Why am I going over rhythm and meter? Do I need to prove that there’s one way to look at it, better than all others? No, I don’t; and in fact, I can’t—prosody is not a science but an art, and it’s something on which poets and scholars tend to take strong positions, so I don’t expect to convert anyone who already has a way of thinking about it that can produce poems and readings of poems that deftly use or respond to the rhythms of English. I’m one of the ones who does have a way of thinking about it, and who likes to think about it. And so I do this for my own pleasure, as well as with the hope of clarifying something that to another reader or poet has not been clear, and most of all, simply for the lucky privilege—a privilege one can seize for oneself out of the air and the language, without taking it away from anyone, and without having expected anyone to give it away—of participating, as I write these little parts of my discussion, in the life of poetry.
I begin to feel impatient, and wasteful of my own hours, when I do not participate in the life of poetry. That participation is a practice that sometimes includes working on a poem or a translation, but isn’t at all limited to this. The practice has been a long process, for me, of thinking about language, about poems, about the artistic resources in language, about what people make of poetry at different times, about how some (good and bad) poems become admired, and for what reasons, and others do not, about what “good” and “bad” mean, in such a statement as the one I just made, about the kinds of roles poets have had in their communities and cultures since as far back as we can guess (about five millennia? or, with guessing that’s entirely vague, about ten?— or twenty?).

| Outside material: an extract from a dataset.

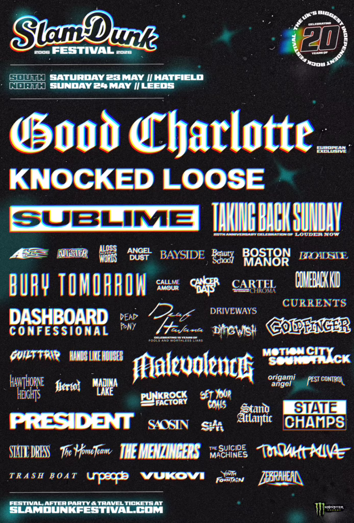 Just when you thought Slam Dunk Festival 2026 couldn’t get any bigger, this week now sees the festival drop the final wave of bands. Bringing a stacked list of additions: Knocked Loose State Champs Boston Manor Trash Boat Malevolence Static Dress Bayside Comeback Kid Deaf Havana Madina Lake blending hardcore, pop-punk, emo and everything in between. Heavy hitters, scene staples, and newcomers ready to steel the show. Whether you’re diving into chaos at the front or just standing screaming every word, you will not be disappointed.
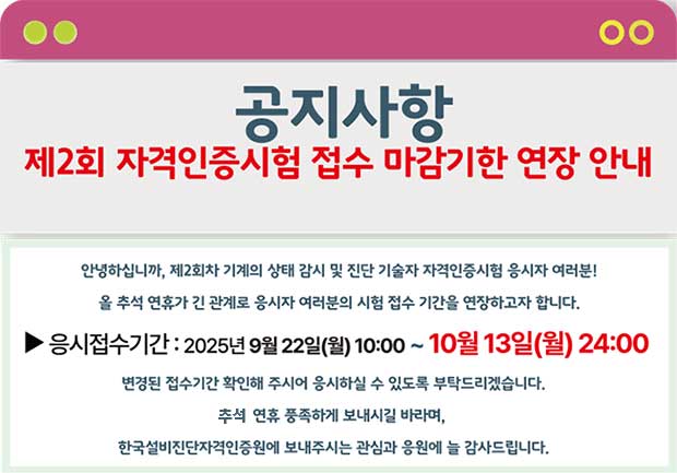 [공고] 2025년도 제2회차 기계의 상태 감시 및 진단 기술자 자격인증시험 응시자 안내

I know that such participation in the life of poetry is not very widely seen as a very useful thing, except in its being a part of remembering the myriad elements and aspects of being human that have marked us as a species—inherently, and in comparison to other animals, and in light of what the effect of human beings has been on each other and on our planet. Only bad poetry, perhaps, minimizes the human, makes it more acceptable to a polite modern society; but also, bad behavior doesn’t necessarily make for good poetry, although it’s something that a lot of readers like to read about; nor does bad bahavior, at least in some poets, keep good poems from being written.
Our human being is a confusing and contradictory object of contemplation. But to spend time thinking about how what we have been, in all its horror and beauty, has been represented, grasped, turned, troped (and has not been) in poems, is the worthy practice I cherish. Perhaps it’s only in a country as shot through (I do not choose the metaphor at random) as ours is with the crude and desperate utilitarianism of those who have been economically excluded and even crushed, and—despite our worthy, inscribed ideals—with pretty brutal antisocial, inhumane, greedy, unethical, violent stances, in far too many with political and financial power, would what I’m arguing for have to be justified.

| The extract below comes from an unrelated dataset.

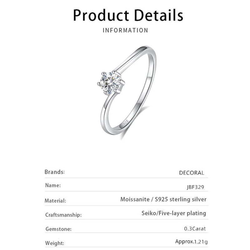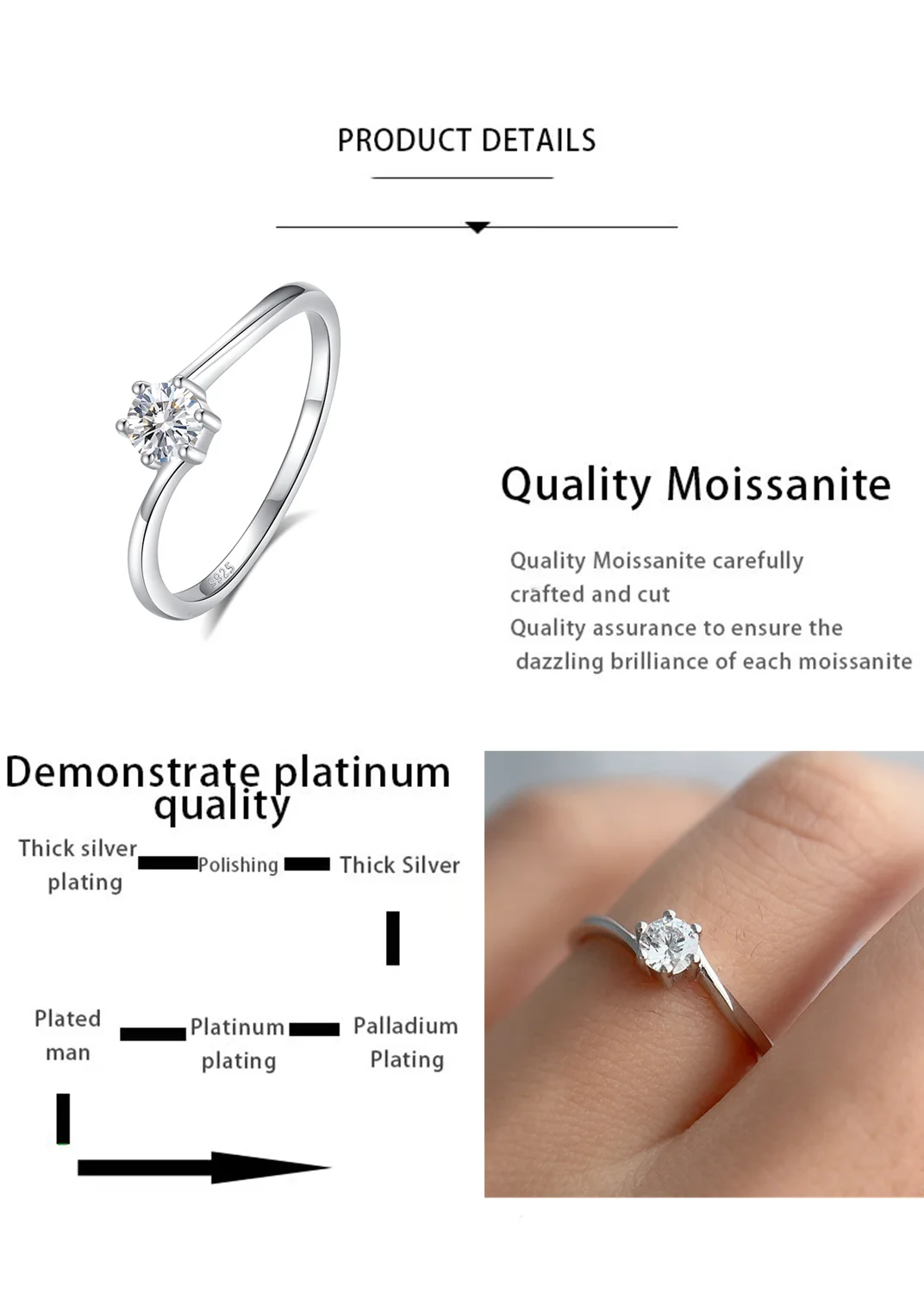 Classic Fashion Premium Jewelry 0.3carat Round Brilliant Cut Mosanite Diamond Ring 925 Sterling Silver for Women Wedding Jewelry

So that’s it. I can’t pretend I’m interested in all poetry, from the earliest to what was published in the latest issues of any half dozen literary journals. I’m not. You have (as do I, as does everyone), a right to claim and hold onto your own personal history as a reader, and work from that. (I first encountered that idea in an overheard conversation in a library in California, when I was a student; it stayed with me.) So I hold onto my history as a reader, and I keep opening up new chapters in it as I go.
With the blessing of some time in which to do so, I have been reading Gerard Manley Hopkins from beginning to end, over the last week—poems, some diary entries, some letters, a little commentary by those who have studied his work. I expect to look at him in one of these posts, although I’m not ready to do so yet. And to use him in another essay I’m writing, about poetry and etymology (not for this blog). I haven’t felt much more for his work, over the years, than admiration of a few of his great poems, as poems, and more generally for his intense seriousness in trying to re-conceive how to use the rhythms of English, in the second part of his career, beginning with “The Wreck of the Deutschland.” I don’t think I myself will ever write anything that is indebted to his poems; I never have, yet; and I don’t think I can admire the wreck of his psyche that submerged him in depression, but even earlier, in what seems to me an intransigent impulse, after a certain point, to be subjected, to be controlled, restricted, denied (and in this way sustained, held steady). His self-abnegation as a poet and a person is striking; his self-condemnation sad. I want to state emphatically that my immersion in his work for several days has been exhilarating for me not because his poetry is a “triumph” over all that, nor of course because his poetry succumbed to all that. His sheer stamina is inspiring. He seems to have believed that if only he could write the poems he wanted to write, he would have accomplished something that was worthy of himself and of the God in whom he believed. Yet what he did accomplish in his strange, utterly individual way was remarkable in the handful of poems that seem to me likely to be remembered for as long as there are readers. All of that, from beginning to end, was his (fitful) participation in the life of poetry; and because poetry is an art, in the modern world, of the page that preserves poems and more, I am able to go with him a little of his way. I’m sure I fail to understand as much as I should about him and about his poems and even (or especially) about his poetic technique. My trying to understand has been over the last week my participation in the life of poetry.
Amidst the continually unfolding catastrophes and suffering in all the world, I try to take heart—as one of my most inspiring friends did, when he was alive—in holding a little of the whole history of us in mind, and choosing from the riches and devastations of that history some poems and poets worth remembering and sustaining in our collective memory.